▶ [TASK ITEM]
Your copy should contain exactly the lines from the start of the listing through the line that holds "La fresa è caratterizzata", and no pictures.

▶ [GIVEN DATA]

▼▼▼

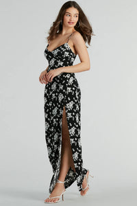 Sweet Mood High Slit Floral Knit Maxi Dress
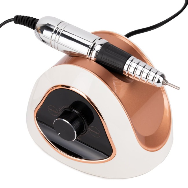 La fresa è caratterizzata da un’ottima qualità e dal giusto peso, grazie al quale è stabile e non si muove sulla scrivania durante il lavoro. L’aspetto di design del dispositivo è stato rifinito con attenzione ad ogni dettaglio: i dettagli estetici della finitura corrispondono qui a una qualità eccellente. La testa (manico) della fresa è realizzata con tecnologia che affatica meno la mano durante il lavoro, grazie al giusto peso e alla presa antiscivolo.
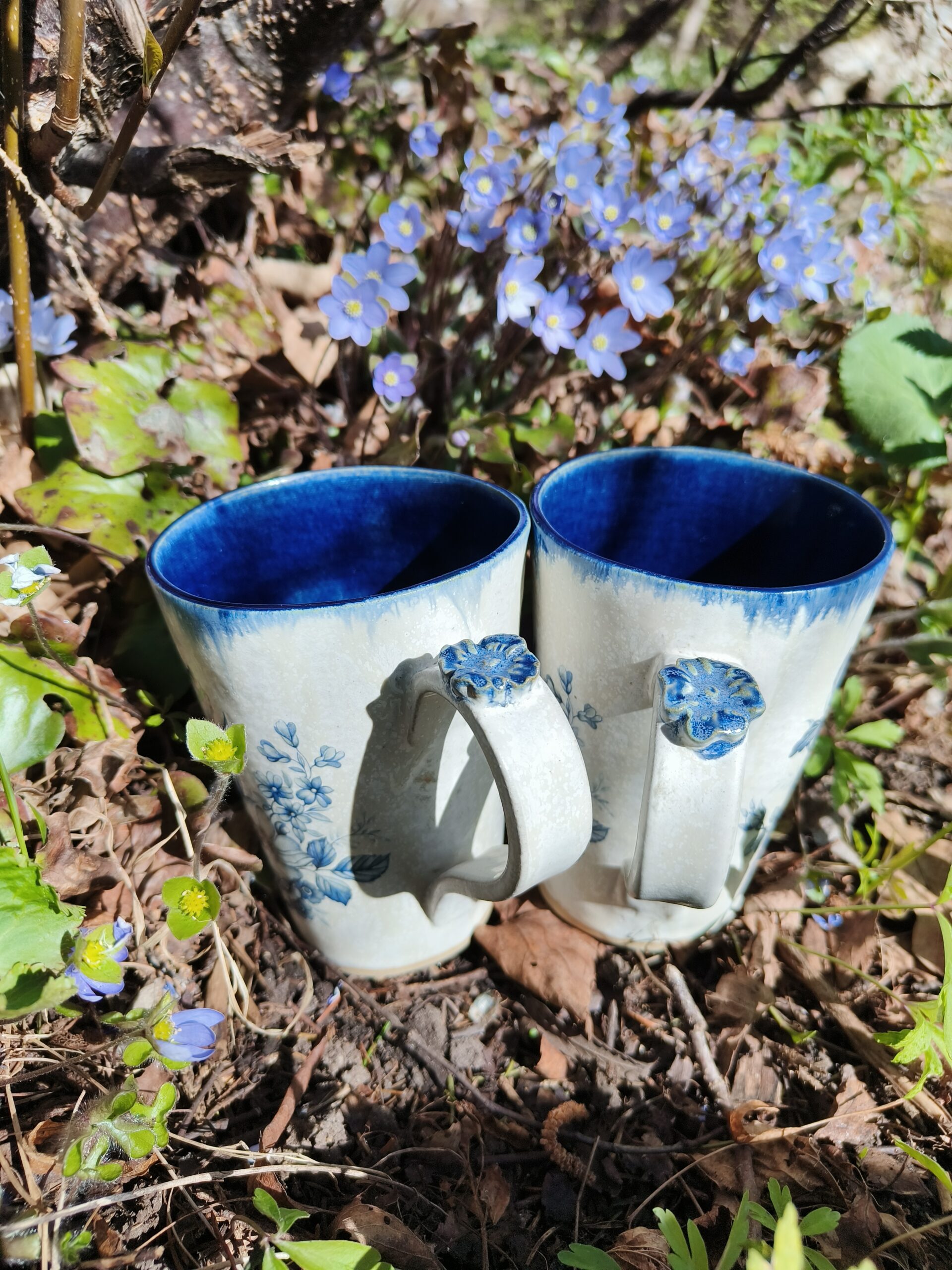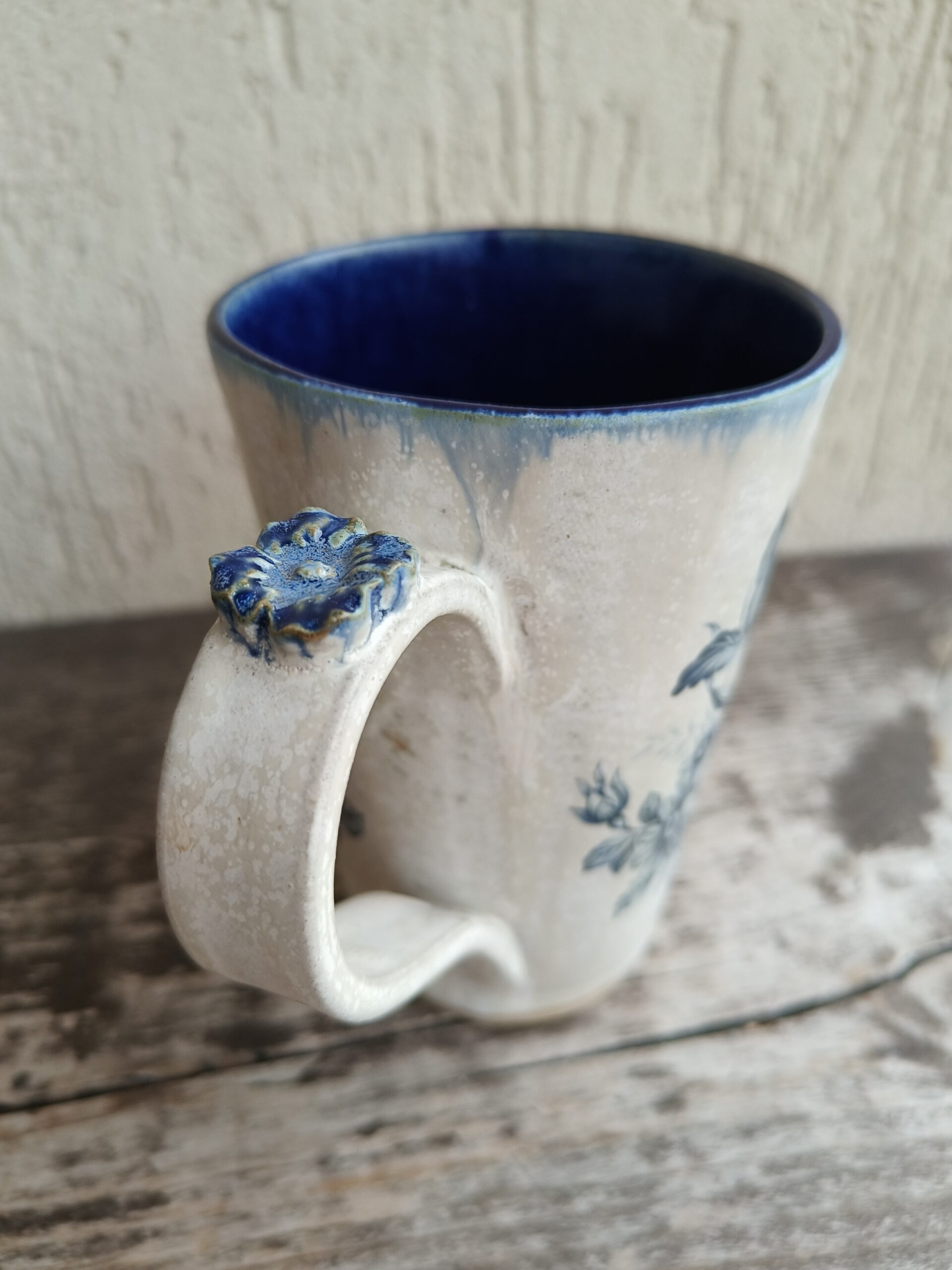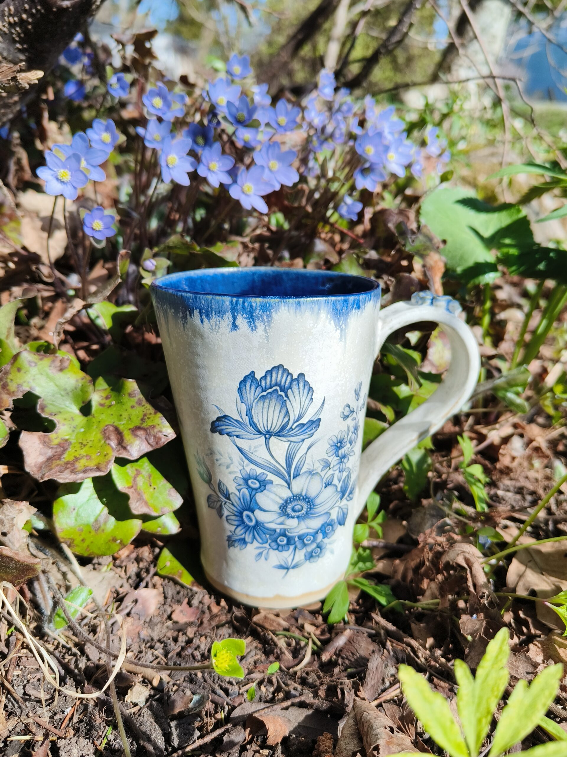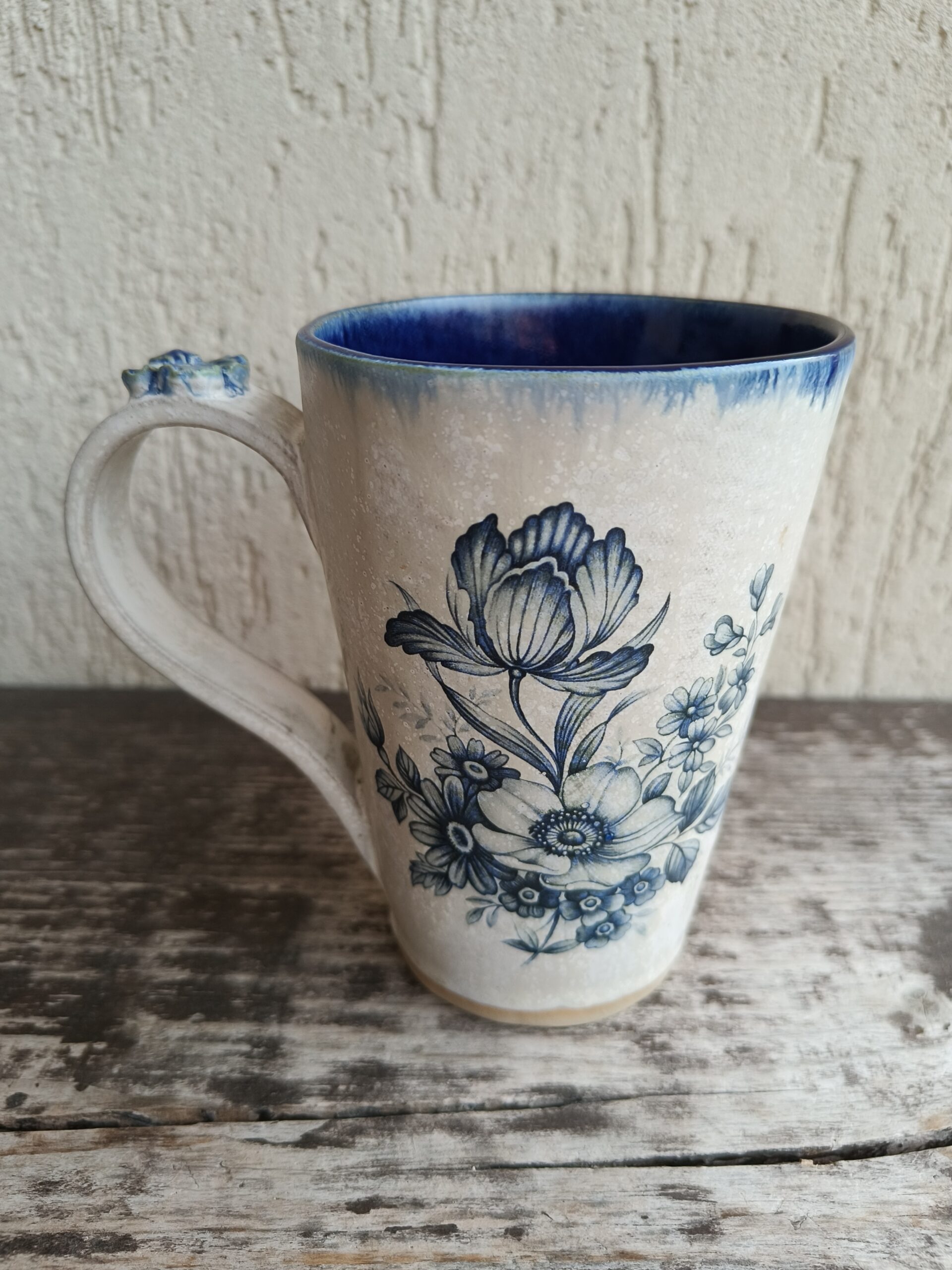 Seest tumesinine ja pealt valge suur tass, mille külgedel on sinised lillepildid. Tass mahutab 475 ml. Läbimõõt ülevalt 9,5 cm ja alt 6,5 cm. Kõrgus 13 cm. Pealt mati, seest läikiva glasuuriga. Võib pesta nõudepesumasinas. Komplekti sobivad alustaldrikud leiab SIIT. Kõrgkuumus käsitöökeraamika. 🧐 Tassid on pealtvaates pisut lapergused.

▲▲▲

▶ [SOLVED EXERCISE]
 Sweet Mood High Slit Floral Knit Maxi Dress
 La fresa è caratterizzata da un’ottima qualità e dal giusto peso, grazie al quale è stabile e non si muove sulla scrivania durante il lavoro. L’aspetto di design del dispositivo è stato rifinito con attenzione ad ogni dettaglio: i dettagli estetici della finitura corrispondono qui a una qualità eccellente. La testa (manico) della fresa è realizzata con tecnologia che affatica meno la mano durante il lavoro, grazie al giusto peso e alla presa antiscivolo.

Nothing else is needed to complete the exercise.